Take a pre-calculated random sequence for the repeatability of the experiment. The quality of this sequence can be checked.
you can check nist, but the result will be almost the same.
Create a program that will mix the y coordinate of a sequence of points of a curve and a random sequence at a ratio of 1: 8 and write to the x600_btc_32_LH.bin file and simultaneously write a pointer to the source — curve or random — to y600_btc_32_LH.bin.
And the two received files x600_btc_32_LH.bin and y600_btc_32_LH.bin feed the network.
Convert to bit format byte. Those. one bit of the original sequence is transferable to byte.
Translate to float format and scale to 0.004 and prepare Y.
We take the network fairly simple, just a little change the activation function.

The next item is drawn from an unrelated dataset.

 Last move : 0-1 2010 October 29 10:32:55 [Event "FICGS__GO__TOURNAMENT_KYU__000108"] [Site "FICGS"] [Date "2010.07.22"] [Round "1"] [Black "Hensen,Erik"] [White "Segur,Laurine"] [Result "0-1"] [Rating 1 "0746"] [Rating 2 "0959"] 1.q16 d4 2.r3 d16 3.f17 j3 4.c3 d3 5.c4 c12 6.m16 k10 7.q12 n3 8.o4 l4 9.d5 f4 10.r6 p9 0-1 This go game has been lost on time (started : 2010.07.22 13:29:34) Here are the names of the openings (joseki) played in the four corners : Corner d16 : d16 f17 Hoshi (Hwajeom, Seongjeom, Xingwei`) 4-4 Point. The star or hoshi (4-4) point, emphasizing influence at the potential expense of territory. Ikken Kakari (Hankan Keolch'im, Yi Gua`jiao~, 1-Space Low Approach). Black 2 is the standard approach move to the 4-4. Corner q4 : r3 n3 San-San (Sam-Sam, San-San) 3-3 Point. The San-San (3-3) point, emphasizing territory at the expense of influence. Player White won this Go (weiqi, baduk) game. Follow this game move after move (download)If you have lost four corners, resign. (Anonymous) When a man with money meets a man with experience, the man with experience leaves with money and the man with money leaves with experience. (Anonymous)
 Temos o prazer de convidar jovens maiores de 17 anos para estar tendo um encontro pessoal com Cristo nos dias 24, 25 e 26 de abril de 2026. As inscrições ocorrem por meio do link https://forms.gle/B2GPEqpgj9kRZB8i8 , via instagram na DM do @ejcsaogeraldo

The result is quite acceptable, the network distinguishes the sequence of points of a curve from a random sequence, not as exactly as we would like, but a judgment about the logarithm does
We have obtained that a simple ordinary neural network can distinguish between a random sequence and a sequence of points of the secp256k1 curve. This suggests that the network detects patterns in a sequence, which must be very complex.
Today, 04/01/18, this is the most serious vulnerability of the curve secp256k1 and sooner or later the victory will be for AI.
All texts and files are uploaded to GitHub and you can check, verify and improve everything.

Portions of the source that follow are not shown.